'SNL 40': 40th anniversary special celebrates show's greatest hits

Written By kolimtiga on Senin, 16 Februari 2015 | 23.50

No, it wasn't the Oscars, but it sure felt that way.

NBC celebrated the 40th anniversary of "Saturday Night Live" Sunday night with a live special that was as long (3½ hours) and as stuffed with montages as an Academy Awards broadcast. The network also treated it with a similar level of fanfare, including an hourlong red carpet special hosted by the "Today" team of Al Roker, Matt Lauer and Savannah Guthrie. If anything, the event felt a bit more exclusive than the Oscars, with seemingly every seat in the relatively tiny Studio 8H at Rockefeller Center packed with a major celebrity clad in black tie.

The special included appearances by dozens of former cast members (Bill Murray, Will Ferrell, Maya Rudolph) and other stars who perhaps seem as if they were once cast members but never were (Alec Baldwin, Christopher Walken, Steve Martin).

The special, a mixture of pre-packed highlight reels and live sketches, was a sort of greatest hits collection that celebrated "SNL" old and new and, for better or worse, left virtually no favorites untouched.

There were montages celebrating seemingly every aspect of the show, including its fake commercials, political coverage and musical characters. One reel included audition tapes  featuring fresh-faced future "SNL" stars like Amy Poehler and Jimmy Fallon, and even a few who got away, like Stephen Colbert and Jim Carrey.

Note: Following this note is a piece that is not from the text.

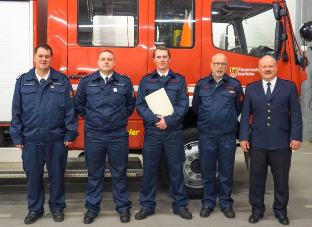 Durch den Leiter der Feuerwehr, Oberbrandrat Christian Eichhorn wurde Mike Cliffe zum Brandmeister befördert.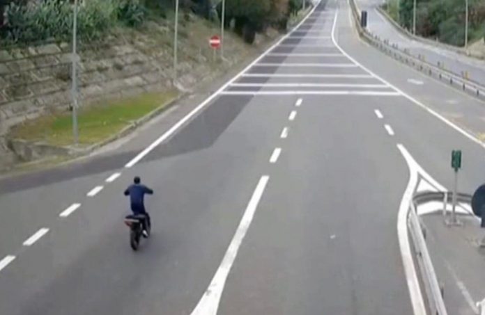 FOLLIA sull’autostrada A18, 23enne contromano su una bici rubata: BLOCCATO DALLA POLIZIA

For nostalgists, there was a nearly line-for-line remake of the famous "Bass-O-Matic '76" commercial featuring original "Not Ready for Prime Time Players" Dan Aykroyd and Laraine Newman (and one very unfortunate fish). "Wayne's World" fans had to wait until the show's final half hour for a reprisal of the beloved public access show starring Mike Myers and Dana Carvey, who paid tribute to Lorne Michaels with dueling impressions of the show's creator and executive producer.

For more contemporary fans, there was a Californians sketch featuring Taylor Swift's questionable SoCal accent and a make-out session between Betty White and Bradley Cooper.

Still other sketches blended vintage "SNL" with its more recent history to great effect. Poehler and Tina Fey teamed up with "Weekend Update's" first woman anchor, Jane Curtin, who in a dig at Fox News joked that she "used to be the only pretty blond woman reading the fake news. Now there's a whole network devoted to that."

Like the Oscars, the special included an "In Memoriam" reel celebrating deceased "SNL" cast and crew. Throughout the broadcast, the legacy of late but great cast members Gilda Radner and Chris Farley in particular loomed large. Melissa McCarthy and Emma Stone paid tribute to the performers by reprising their signature characters, motivational speaker Matt Foley and consumer affairs reporter Roseanne Roseannadanna.

Other heavily anticipated moments left the audience wondering, "Is that it?"  Eddie Murphy, credited with reviving the show in the early 1980s and easily one of "SNL's" most successful cast members, made his first appearance on the stage of Studio 8H since leaving the show in 1984. He was introduced by Chris Rock, and welcomed with a standing ovation from the star-packed audience.

But rather than reviving one of his recurring characters, such as Gumby or Mr. Robinson, or performing a stand-up set, as some fans had hoped, Murphy made a few boilerplate remarks about being happy to return to the show. "It feels like returning to my old high school, kind of," he said. After speaking for less than a minute, Murphy threw to commercial but, as if to underscore the anticlimactic feeling of the moment, an awkward pause ensued before the camera cut away, as if even the show's director was expecting him to do more.

In what at times felt like a strained effort to prove the show's continued relevance, there were musical performances by contemporary superstars Kanye West, who performed lying down with the camera zoomed in on an extreme close-up, and Miley Cyrus, who made a nod to the show's past by performing Paul Simon's "Fifty Ways to Leave Your Lover."

It was Simon who got the night's last word, closing out the show with a performance of the 1975 hit he also sang as host of "Saturday Night Live's" second episode: "Still Crazy After All These Years."